What to produce –
This exercise requires an exact output of the listing, images omitted.

Supplied data –
────────

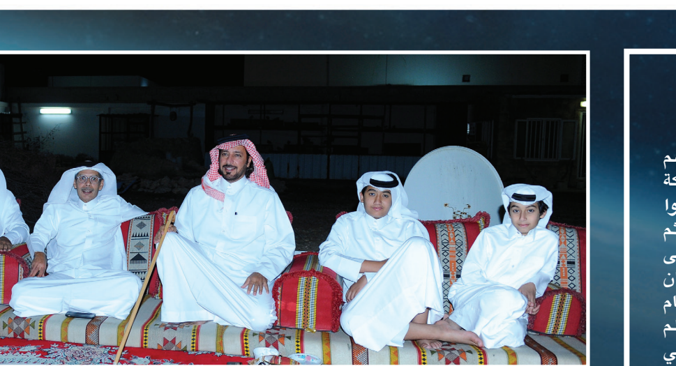
□ في مجلسه مع الاهدل
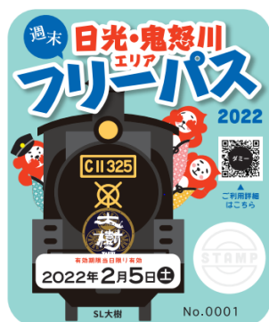
△日光・鬼怒川フリーパス（イメージ）
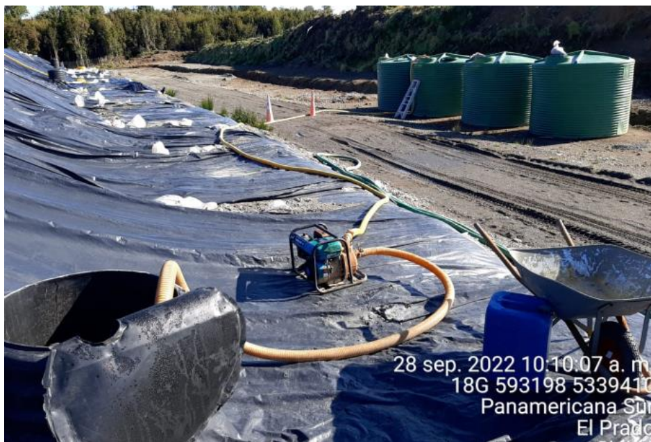
Fotografía N°5: Extracción de Lixiviados desde cámara C13 por personal municipal. Tomada: Miércoles 28 de Septiembre del 2022.

────────

Answer to this exercise –
□ في مجلسه مع الاهدل
△日光・鬼怒川フリーパス（イメージ）
Fotografía N°5: Extracción de Lixiviados desde cámara C13 por personal municipal. Tomada: Miércoles 28 de Septiembre del 2022.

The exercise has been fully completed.